Comparing predictive skill between short, long and composite (time series of dynamically similar species combined) time series

First we need to do some house-keeping to select the appropriate datasets to predict and to train the s-maps.

lib <- c(1,984)
pred <- c(985,999)
shlib <- c(685,700)
shpred <- c(701,715)


corr <- matrix(NA, ncol=8, nrow=5)
corr_sh  <- matrix(NA, ncol=8, nrow=5)
corr_com  <- matrix(NA, ncol=8, nrow=5)

win=700  #where to start in the time series
len=30

compred <- matrix(NA,nrow=5, ncol=2)
for(i in 1:5) {
    (1:5)[-i]->j
    compred[i,1:2]=c(i*1000-win-len/2,i*1000-win)
    comlib=matrix(c(i*1000-win-1,j*1000-win-len/2,i*1000-win+len/2,j*1000-win+len/2),nrow=5)
}

for (i in 1:5){
  simplex_mod_stats_sp <- simplex(five_sp_comp[,i+1], lib = lib, pred = pred,
                norm_type = c("L2 norm"), E = 1:8,
                tau = 1, tp = 1, num_neighbors = "e+1", stats_only = T,
                exclusion_radius = NULL, epsilon = NULL, silent = FALSE)
  corr[i,1:8] <- simplex_mod_stats_sp$rho 
}


for (i in 1:5){
  simplex_mod_stats_sp <- simplex(five_sp_comp[,i+1], lib = shlib, pred = shpred,
                norm_type = c("L2 norm"), E = 1:8,
                tau = 1, tp = 1, num_neighbors = "e+1", stats_only = T,
                exclusion_radius = NULL, epsilon = NULL, silent = FALSE)
  corr_sh[i,1:8] <- simplex_mod_stats_sp$rho 
}

library(reshape2)
t <- melt(five_sp_comp[,2:6])
## No id variables; using all as measure variables
t[1] <- 1:5000

for (i in 1:5){
  simplex_mod_stats_sp <- simplex(t[,2], lib = comlib, pred = compred[i,],
                norm_type = c("L2 norm"), E = 1:8,
                tau = 1, tp = 1, num_neighbors = "e+1", stats_only = T,
                exclusion_radius = NULL, epsilon = NULL, silent = FALSE)
  corr_com[i,1:8] <- simplex_mod_stats_sp$rho 
  
}
## Warning in model$run(): Found overlap between lib and pred. Enabling cross-
## validation with exclusion radius = 0.

## Warning in model$run(): Found overlap between lib and pred. Enabling cross-
## validation with exclusion radius = 0.

## Warning in model$run(): Found overlap between lib and pred. Enabling cross-
## validation with exclusion radius = 0.

## Warning in model$run(): Found overlap between lib and pred. Enabling cross-
## validation with exclusion radius = 0.

## Warning in model$run(): Found overlap between lib and pred. Enabling cross-
## validation with exclusion radius = 0.
corr_D <- as.data.frame(t(apply(corr,2,quantile,probs=c(.025,.5,.975))))
corr_D$type <- "Long time series N=1000" 
corr_sh_D <-as.data.frame(t(apply(corr_sh,2,quantile,probs=c(.025,.5,.975))))
corr_sh_D$type <- "Short timeseries N=30" 
corr_com_D <- as.data.frame(t(apply(corr_com,2,quantile,probs=c(.025,.5,.975))))
corr_com_D$type <- "Composite timeseries N = 5 * 30" 

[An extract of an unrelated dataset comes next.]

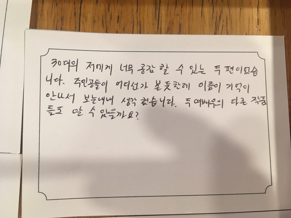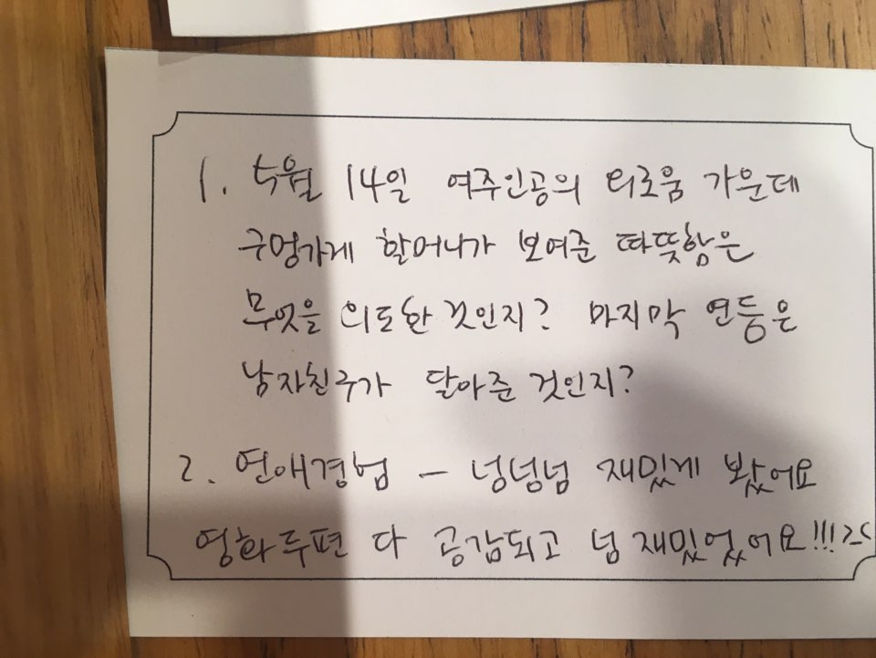 관객3 <5월14일> 할머니가 주신 약과로 위안받는 부분이 인상깊었다. <연애경험>에 시를 한번 더 읽는 부분이 좋았어요. 시가 한번 더 나왔는지 궁금하다.

corr_D$D <- corr_sh_D$D <- corr_com_D$D <-  1:8

corr_D_full <- rbind(corr_D, rbind(corr_sh_D, corr_com_D))

No we are able to plot the results of Figure 2:

library(ggplot2)

ggplot() + geom_line(data=corr_D_full, aes(x=D, y=`50%`)) +
  geom_line(data=corr_D_full, aes(x=D, y=`2.5%`), colour="blue", linetype="dashed") + 
  geom_line(data=corr_D_full, aes(x=D, y=`97.5%`), colour="blue", linetype="dashed") + facet_grid(.~type) + ylab("Correlation")

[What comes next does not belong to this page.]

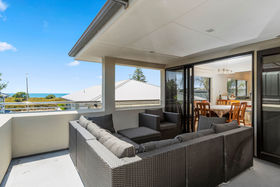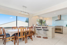 Level 2 Upon entering the second level you will enter the "L" shaped open plan lounge, dining and kitchen. With a large deck off the dining room, there are sea views obtainable from here. Enjoy creating your cuisine, with sea peeps from your kitchen. We also find two double bedrooms, bathroom and w.c here. One of the bedrooms has a computer nook with sea peeps here too!

Looks pretty similar to figure 2, with full time series showing the best predictive skill across dimensionality 10, composite time series being pretty similar and only short time series suffering from a strong decay in predictive skill at higher dimensionalities.

Attemps to reproduce remainder of the paper (including Fig. 3) were abandoned as the three goals of the reproduction were achieved.